BEGIN
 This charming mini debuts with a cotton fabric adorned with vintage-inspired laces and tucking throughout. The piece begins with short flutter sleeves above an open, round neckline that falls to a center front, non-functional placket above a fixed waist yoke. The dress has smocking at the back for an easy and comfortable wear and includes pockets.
END
BEGIN
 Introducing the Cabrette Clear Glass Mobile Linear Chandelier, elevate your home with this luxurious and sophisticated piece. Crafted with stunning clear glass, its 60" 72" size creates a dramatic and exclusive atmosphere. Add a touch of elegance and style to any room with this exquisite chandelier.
END
BEGIN
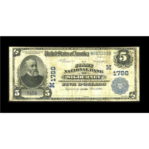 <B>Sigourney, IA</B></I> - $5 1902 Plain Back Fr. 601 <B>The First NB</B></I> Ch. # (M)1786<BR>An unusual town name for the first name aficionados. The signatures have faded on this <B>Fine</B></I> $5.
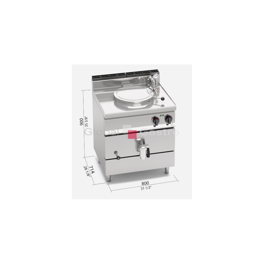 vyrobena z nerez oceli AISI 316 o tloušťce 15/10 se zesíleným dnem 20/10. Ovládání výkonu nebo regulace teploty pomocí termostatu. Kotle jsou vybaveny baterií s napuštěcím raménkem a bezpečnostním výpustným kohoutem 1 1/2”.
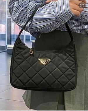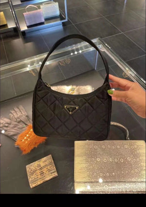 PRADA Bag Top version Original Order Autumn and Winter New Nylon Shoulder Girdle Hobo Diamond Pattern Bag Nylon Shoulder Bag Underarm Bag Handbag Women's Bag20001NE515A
END
Return exactly the part of the listing above that opens with the line containing "<B>Sigourney, IA</B></I> - $5" and closes with the line containing "PRADA Bag Top". Pictures stay out.

#### RESULT
 <B>Sigourney, IA</B></I> - $5 1902 Plain Back Fr. 601 <B>The First NB</B></I> Ch. # (M)1786<BR>An unusual town name for the first name aficionados. The signatures have faded on this <B>Fine</B></I> $5.
 vyrobena z nerez oceli AISI 316 o tloušťce 15/10 se zesíleným dnem 20/10. Ovládání výkonu nebo regulace teploty pomocí termostatu. Kotle jsou vybaveny baterií s napuštěcím raménkem a bezpečnostním výpustným kohoutem 1 1/2”.
 PRADA Bag Top version Original Order Autumn and Winter New Nylon Shoulder Girdle Hobo Diamond Pattern Bag Nylon Shoulder Bag Underarm Bag Handbag Women's Bag20001NE515A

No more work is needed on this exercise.